Proyeksi staf menunjukkan bahwa tekanan neraca akhir tahun, pergeseran akhir Januari, dan drainase besar di musim semi yang terkait dengan pembayaran pajak yang mengalir ke rekening Treasury di Fed dapat secara signifikan mengurangi cadangan, kata risalah. Tanpa intervensi, aliran tersebut dapat mendorong tingkat cadangan di bawah tingkat yang dianggap nyaman oleh pembuat kebijakan, meningkatkan kemungkinan gangguan di pasar semalam.
Untuk mengurangi risiko, peserta membahas memulai pembelian surat berharga Treasury jangka pendek untuk mempertahankan cadangan yang cukup dari waktu ke waktu. Risalah menekankan bahwa pembelian tersebut akan mendukung pengendalian suku bunga dan kelancaran fungsi pasar, bukan menandakan perubahan dalam sikap kebijakan moneter. Responden survei yang dikutip dalam risalah memperkirakan total pembelian sekitar $220 miliar selama tahun pertama.
Pejabat juga mengeksplorasi cara meningkatkan efektivitas fasilitas repo tetap Fed, yang berfungsi sebagai penyangga likuiditas. Peserta membahas penghapusan batas penggunaan keseluruhan fasilitas dan memperjelas komunikasi agar peserta pasar memandangnya sebagai bagian rutin dari kerangka operasi Fed, menurut risalah.
Rentang target dana federal saat ini berada di 3,50% hingga 3,75%, dengan pembuat kebijakan dijadwalkan berkumpul pada 27-28 Januari 2026. Per 2 Januari, Alat FedWatch CME Group menunjukkan trader memberikan probabilitas 85,1% suku bunga tetap, dibandingkan dengan peluang 14,9% untuk pemotongan seperempat poin.
Investor sebagian besar mengharapkan pemotongan suku bunga seperempat poin pada pertemuan Desember dan sudah memperhitungkan pengurangan tambahan di 2026, menurut data pasar.
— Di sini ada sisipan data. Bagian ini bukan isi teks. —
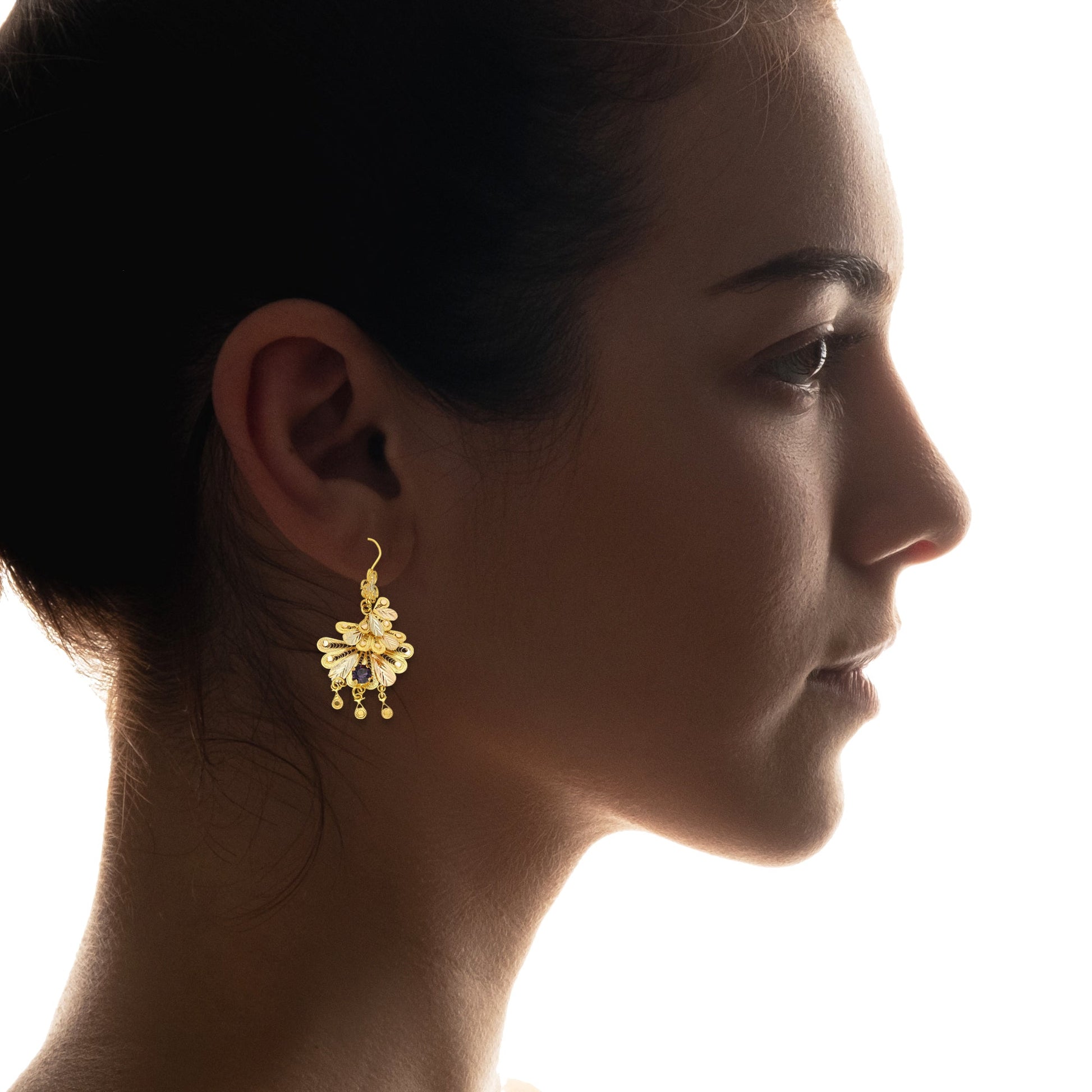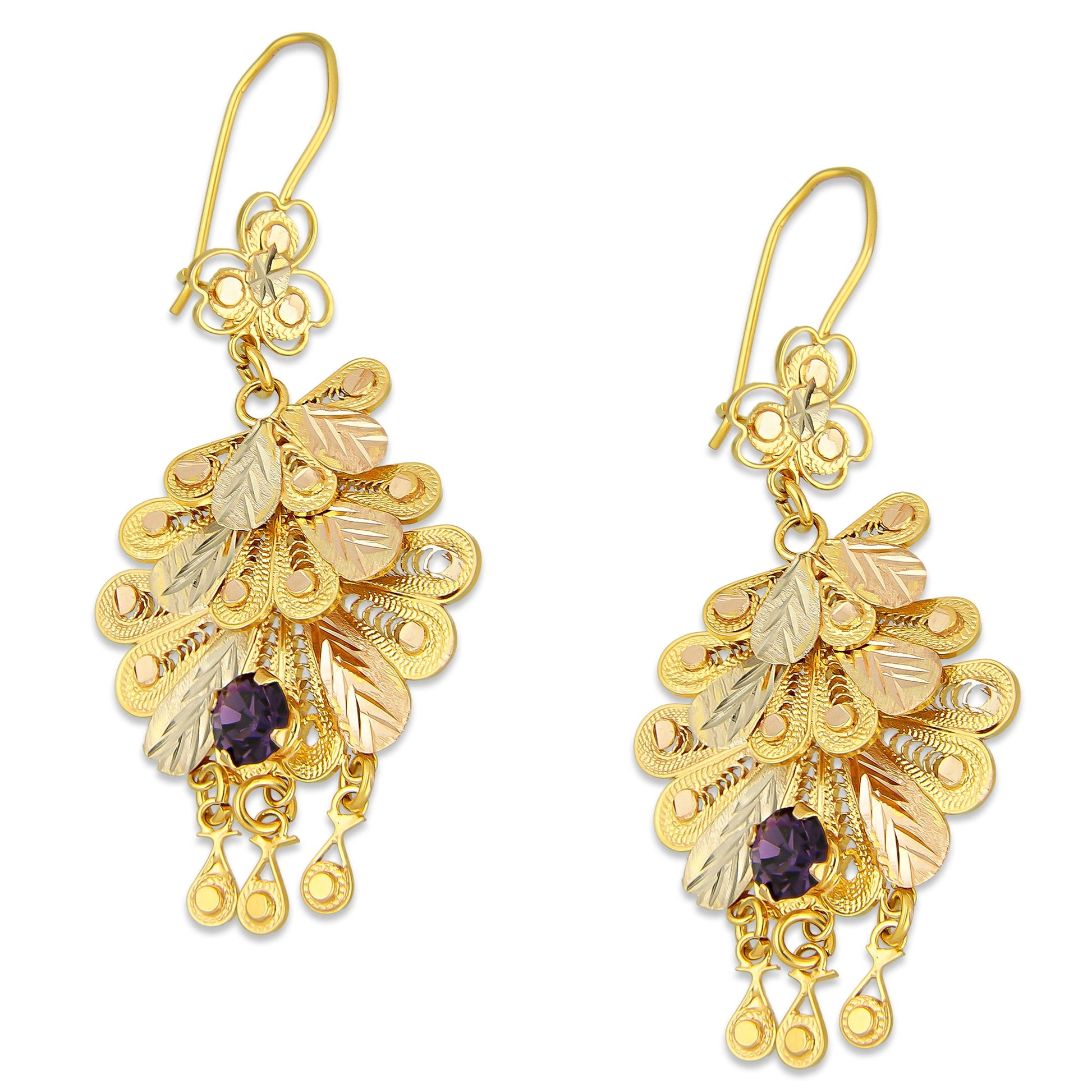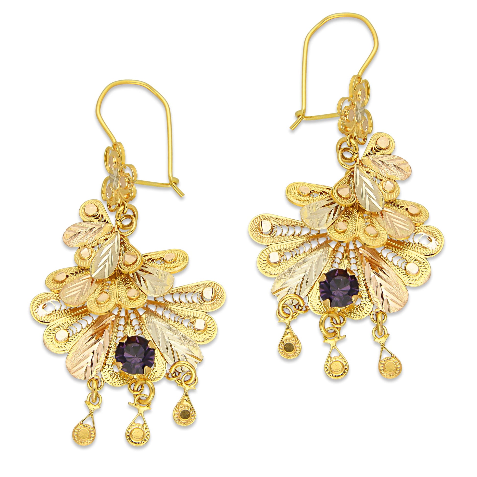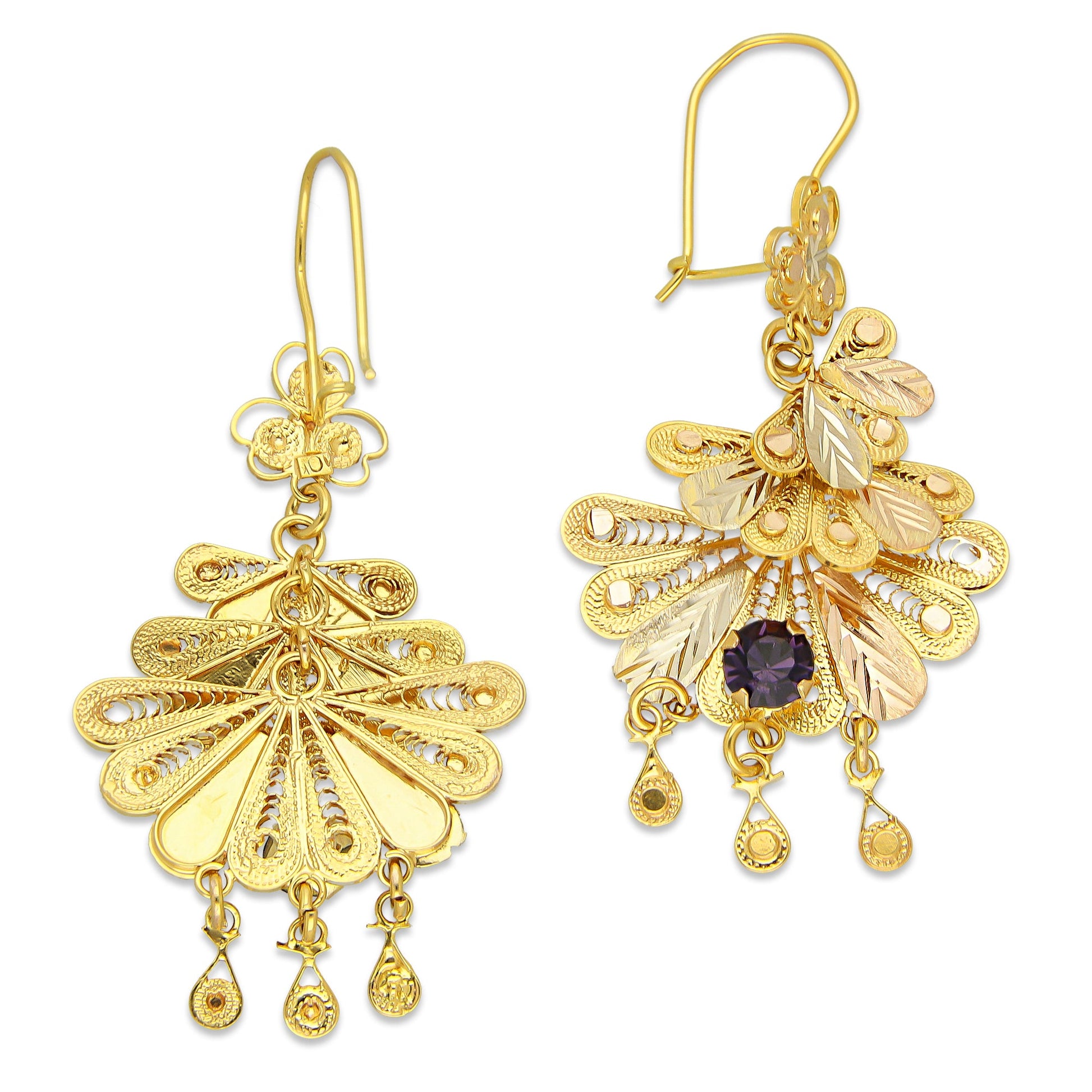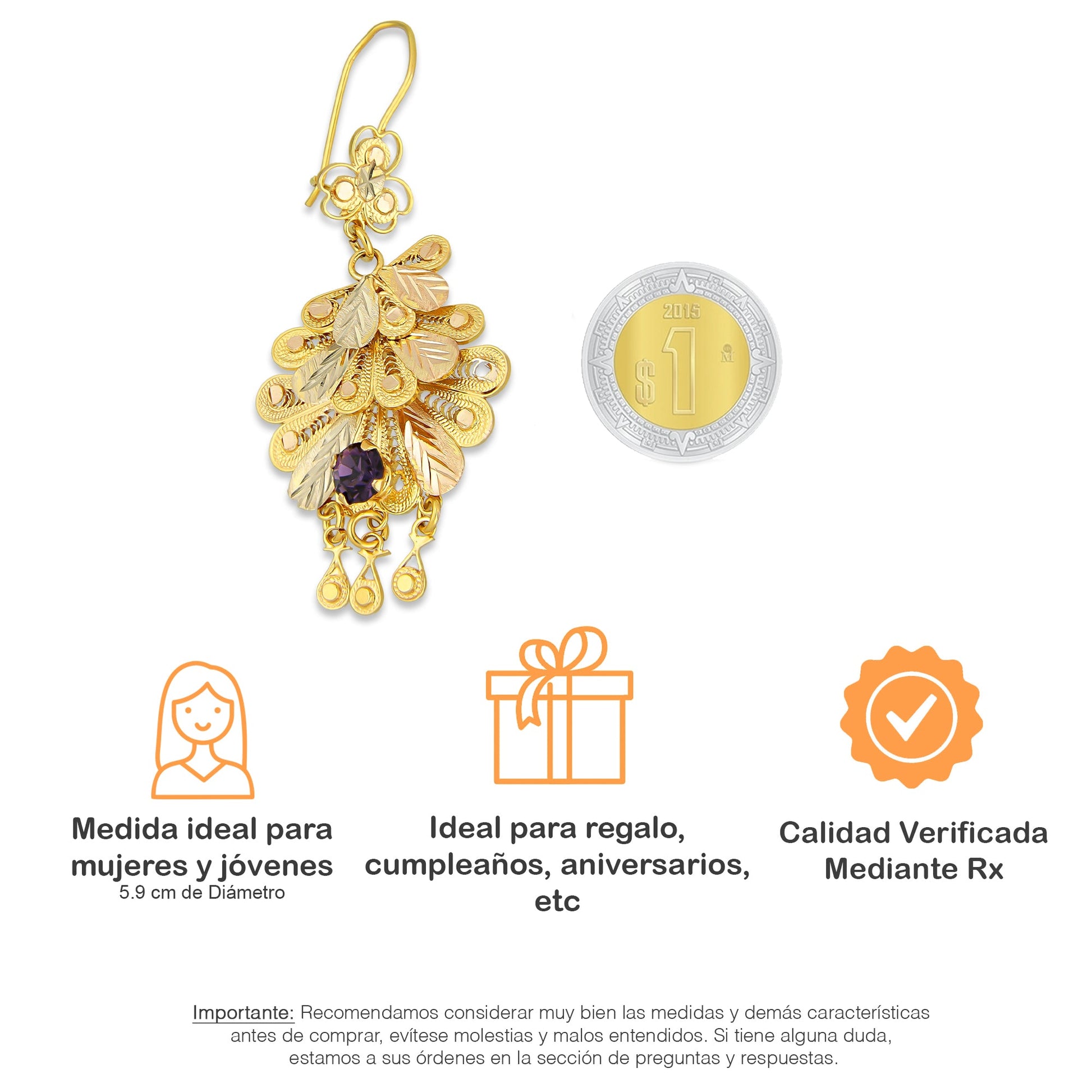 MR10AR051 Arete Arracada Oro Sólido 10K Modelo Abanicos con 3 Círculos Colgantes Diámetro 5.9 cm

Ekspektasi suku bunga sedikit bergeser selama periode antarpertemuan, menunjukkan risalah.
Risalah Desember menunjukkan pembuat kebijakan secara umum merasa nyaman dengan latar makroekonomi, sambil menyoroti pengelolaan likuiditas sebagai prioritas penting di samping kebijakan suku bunga.